Women lose out in the slasher wars
So who will pay for the mainly male bankers’ catastrophic errors? The women.
The public sector pay freeze, the biggest contributor to the government money chest announced by George Osborne today, hits women considerably more than men.
The public sector employment profile is about 75 per cent female. Something like 80 per cent of NHS staff are women, 70 per cent of teaching staff.
These legions of women workers face a freeze in a year when RPI is forecast to be between 2.5 to 3 per cent.
As for the rest of George Osborne’s speech, you’re very struck as you try to edit it how he wraps every sacrifice in a softer commitment.
The pension age hike is linked with the plan to raise the basic state pension in line with earnings.
The public sector pay freeze is sugared with a suggestion of one of those deals like Honda did with its workers earlier this year – “a public sector pay freeze… in order to protect the jobs of 100,000 people working in frontline public services.”
But rum that one as they’re not offering a Honda-style deal at all.
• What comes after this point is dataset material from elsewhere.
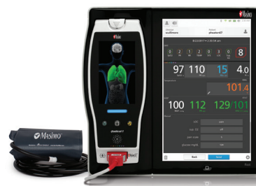
Root with Noninvasive Blood Pressure and Temperature

Public sector workers who endure the pain get no job security attached.
Interesting that Labour critics are attacking the announcements as too mild, not cutting enough.
Slasher wars have truly started.
– Related: Tories plan a cull of poorly performing teachers
Counting the cost of Brown’s spending promises
– On Thursday the Channel 4 News website will be providing extended live coverage of David Cameron’s speech to the Conservative conference, including film extracts, expert analysis and Twitter commentary. To watch and contribute, go to www.channel4.com/news from midday on 8 October.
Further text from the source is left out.